Der Kommissar blickte von seinem Buch auf, dachte flüchtig an all die menschliche Niedertracht, mit der er sich in den letzten drei Wochen hatte herumschlagen müssen und beneidete die turmspringenden Jungs, die die Mädchen mit so viel Leichtigkeit in ihren Bann zogen.
Eine Wespe sorgte dafür, dass das Haar um 15.47 Uhr seinen Platz verließ. Durch eine hektisch wedelnde Hand wurde es von dem getrockneten Bein gewischt und lag nun zwischen den Blättern der angrenzendenHeckenrosenpflanzung. Hier es blieb es, während der Rücken des Kommissars verbrannte, dieser sich über den Despoten Napoleon ärgerte, die zwei Jungs noch einmal vom Beckenrand sprangen und die Schülerin ihrem Schwarm auf dem Turm begeistert zujubelte.
Das Haar blieb in der Hecke, auch während der Nacht.
Ein mitternächtlicher Sturzregen spülte es weit in die Hecke hinein, während die Gattin des Kommissars das volle, kräftige Haar ihres Mannes mit den Händen durchfuhr, um sich anschließend müde an ihn zu schmiegen.
Am folgenden Tag, dem 9. August um 13.20 Uhr, breitete Janine B. nach einer vierwöchigen, sehr erholsamen Asthmakur, mit langsamen Bewegungen ihre Decke auf der Wiese des städtischen Freibades aus, schob die eingewickelten Käsebrote in den Schatten der Badetasche und kontrollierte wiederholt das Vorhandensein der zwei Dosen Asthmaspray.
Um 13.30 Uhr stieg sie ins Schwimmerbecken und legte bis 14.00 Uhr fünf Bahnen zurück.
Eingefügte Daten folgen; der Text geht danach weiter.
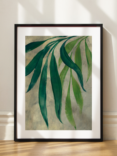 Ein Poster mit grünen Blättern auf einem beigen Hintergrund. Das Motiv wurde mit Pinselstrichen gemalt, die eine künstlerische Note verleihen. Die verschiedenen Grüntöne der Blätter schaffen einen harmonischen und natürlichen Look, der Ruhe und Gelassenheit ausstrahlt. Perfekt für Naturliebhaber und alle, die ihrem Raum eine frische, botanische Atmosphäre verleihen möchten.

Beim Abtrocknen fielen ihr die Springer auf dem Zehnmeterbrett ins Auge, und sie beschloss spontan ihnen, mit einem Käsebrot in der Hand, zuzusehen.
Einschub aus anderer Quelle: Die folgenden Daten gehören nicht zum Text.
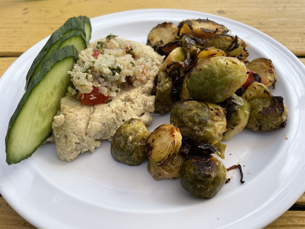 house made hummus with quinoa and marinated brussels sprouts - yum! #V…

Am Himmel hatten sich inzwischen dunkle Wolken gebildet, es kam ein leichter Wind auf. Um 14.13 Uhr fegten die ersten Böen auch über den Rosenheckenstrauch, in dem das Haar vom Vortag verborgen lag. Eine Luftverwirbelung zog es gegen 14.14 Uhr aus seinem Versteck, eine weitere Böe trug es auf Janine B.'s noch feuchte rechte Hand, von wo aus es dreiundvierzig Sekunden später auf die angebissene Stelle des Käsebrotes fiel.
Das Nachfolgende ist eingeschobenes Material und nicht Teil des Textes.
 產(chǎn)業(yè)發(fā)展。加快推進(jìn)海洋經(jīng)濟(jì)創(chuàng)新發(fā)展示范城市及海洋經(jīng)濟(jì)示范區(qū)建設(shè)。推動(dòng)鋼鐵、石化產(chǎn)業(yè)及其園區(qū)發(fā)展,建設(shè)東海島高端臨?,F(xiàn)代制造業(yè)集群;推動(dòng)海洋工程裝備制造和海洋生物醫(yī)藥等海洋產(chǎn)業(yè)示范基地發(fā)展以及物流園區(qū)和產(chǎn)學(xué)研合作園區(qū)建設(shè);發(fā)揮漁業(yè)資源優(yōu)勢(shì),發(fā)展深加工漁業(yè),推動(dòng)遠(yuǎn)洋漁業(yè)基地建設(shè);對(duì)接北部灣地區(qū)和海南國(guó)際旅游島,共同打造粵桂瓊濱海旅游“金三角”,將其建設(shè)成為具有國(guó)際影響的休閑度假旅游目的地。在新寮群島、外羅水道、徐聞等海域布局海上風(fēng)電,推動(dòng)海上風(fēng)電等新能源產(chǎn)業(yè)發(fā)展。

Um 14.18 Uhr biss Janine B. erneut in ihr Brot, bereits dreißig Sekunden später saß ihr das Haar quer in der Luftröhre und rührte sich nicht mehr vom Fleck. Voller Panik rannte sie zu ihrem Platz, um das Spray zu holen.
Um 14.22 musste sie sich eingestehen, dass sie keinen der bekannten Anfälle hatte, das Medikament ihr dieses Mal nicht helfen würde.
„Spülen, Ausspülen ...", dachte sie nur.
„Frisches Wasser ..."
Keuchend, krächzend, hustend lief sie in Richtung Damendusche, die sie um 14.25 Uhr erreichte. Sie öffnete den Duschhahn um sich wiederund wieder den Mund mit Wasser voll laufen zu lassen, zu gurgeln, zu spucken, sich den Finger in den Hals zu stecken, nur um am Ende doch realisieren zu müssen, dass ihr all das nicht helfen würde.
Niemand betrat bis 14.37 Uhr den Duschraum, um ihr zu helfen, niemand bemerkte ihren Todeskampf.
Die junge Frau mit dem quietsch-rosa Badeanzug, die sie schließlich fand, schrie als sie sie erblickte. Sie war felsenfest davon überzeugt den blau angelaufenen Körper einer Erwürgten gefunden zu haben.
Um 15.02 Uhr erhielt der Kommissar einen Anruf aus dem Revier. Er solle umgehend zum städtischen Freibad hinausfahren, dort gäbe es ein Mordopfer.
Der Kommissar seufzte. Viel lieber wäre er bei diesem Prachtwetter schwimmen gegangen.